### Data to examine:
--- START ---
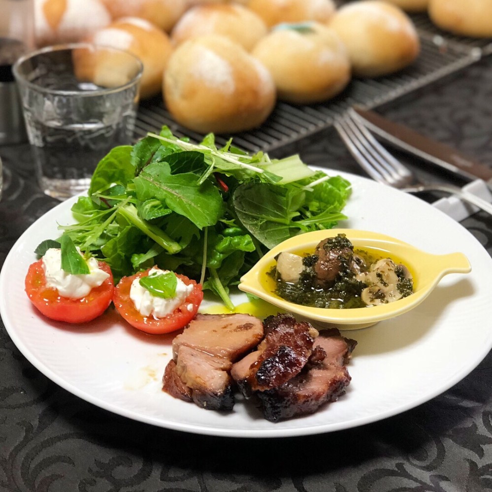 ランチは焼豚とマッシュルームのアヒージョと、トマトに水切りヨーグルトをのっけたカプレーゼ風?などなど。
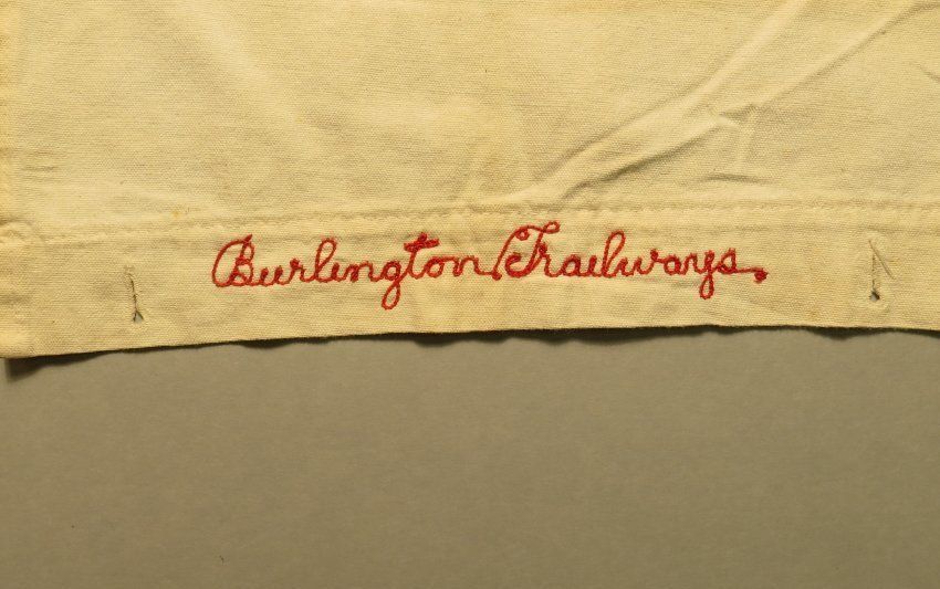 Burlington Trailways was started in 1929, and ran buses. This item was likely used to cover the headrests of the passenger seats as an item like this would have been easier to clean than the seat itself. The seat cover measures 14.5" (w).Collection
--- END ---
--- START ---
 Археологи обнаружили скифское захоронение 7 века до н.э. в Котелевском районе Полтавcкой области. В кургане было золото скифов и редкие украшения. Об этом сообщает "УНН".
--- END ---
### What is needed:
Up in the listing, locate the line with "ランチは焼豚とマッシュルーム"; print it and every line after it down to the line with "Burlington Trailways was", which is included too. Skip the pictures.

### Task output:
 ランチは焼豚とマッシュルームのアヒージョと、トマトに水切りヨーグルトをのっけたカプレーゼ風?などなど。
 Burlington Trailways was started in 1929, and ran buses. This item was likely used to cover the headrests of the passenger seats as an item like this would have been easier to clean than the seat itself. The seat cover measures 14.5" (w).Collection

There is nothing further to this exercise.